Dataset | Train | Validation | Test | Character-Level Annotation | Word-Level Annotation | Line-Level Annotation |
---|---|---|---|---|---|---|
Total-Text | 1255 | No | 300 | Yes | Yes (Polygon) | No |
SCUT-CTW1500 | 1000 | No | 500 | No | No | Yes (Polygon) |
Uber-Text | 59,001 | 23,606 | 35,362 | No | No | Yes (Polygon) |
Demo images of Total-Text dataset.
The Total-Text dataset is a more comprehensive dataset than the existing text datasets. The Total-Text consists of 1555 images with more than 3 different text orientations: Horizontal, Multi-Oriented, and Curved, one of a kind.
Demo images of SCUT-CTW1500 dataset.
The CTW1500 dataset contains 1500 images, with 10,751 bounding boxes (3,530 are curve bounding boxes) and at least one curve text per image. The images are manually harvested from internet, image library like google Open-Image and private data collected by phone cameras, which also contain lots of horizontal and multi-oriented text. The distribution of the images is various, containing indoor, outdoor, born digital, blurred, perspective distortion texts and so on. In addition, the dataset is multi-lingual with mainly Chinese and English text.

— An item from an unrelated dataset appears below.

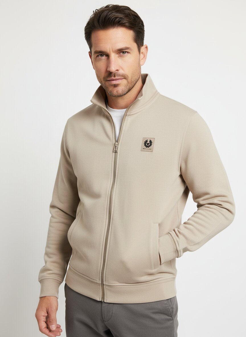 Diese Sweatjacke von BELSTAFF besticht durch ihre schlichte Eleganz in warmem Beige – ein Farbton, der zwischen Natur und Raffinesse schwebt. Die reine Baumwolle liegt weich auf der Haut und bietet maximale Atmungsaktivität, ohne dabei an Struktur zu verlieren. Der durchgehende Reißverschluss und der markante Stehkragen geben der Jacke eine sportlich-urbane Silhouette, die sowohl zur Freizeit als auch zum Smart Casual passt. Die seitlichen Leistentaschen kombinieren Funktionalität mit klassischem Design und bieten praktischen Stauraum ohne optische Überlastung. Seit 1924 steht BELSTAFF für britische Abenteurer-Tradition – gewachste Baumwolle und Premium-Materialien, die von Legenden wie Steve McQueen geschätzt wurden und heute moderne Expeditionen ebenso prägen wie urbane Alltage. Für die wärmere Jahreszeit bietet diese Sweatjacke ideales Layering: leicht genug zum Solo-Tragen, robust genug als Übergangsstück über einem T-Shirt.Unser Tipp: Kombinieren Sie die Jacke mit einer dunklen Chino und weißen Sneakern für einen zeitlosen Wochenend-Look, der Sportlichkeit und Eleganz verbindet.

Demo images of Uber-Text dataset.
Uber-Text is a large-scale OCR dataset which contains street-level images collected from car mounted sensors and truths annotated by a team of image analysts. The characteristics of the dataset include (1) streetside images with their text region polygons and the corresponding transcriptions, (2) 9 categories indicating the business name text, street name text and street number text, etc, (3) a set containing over 110k images, (4) 4.84 text instances per image on average.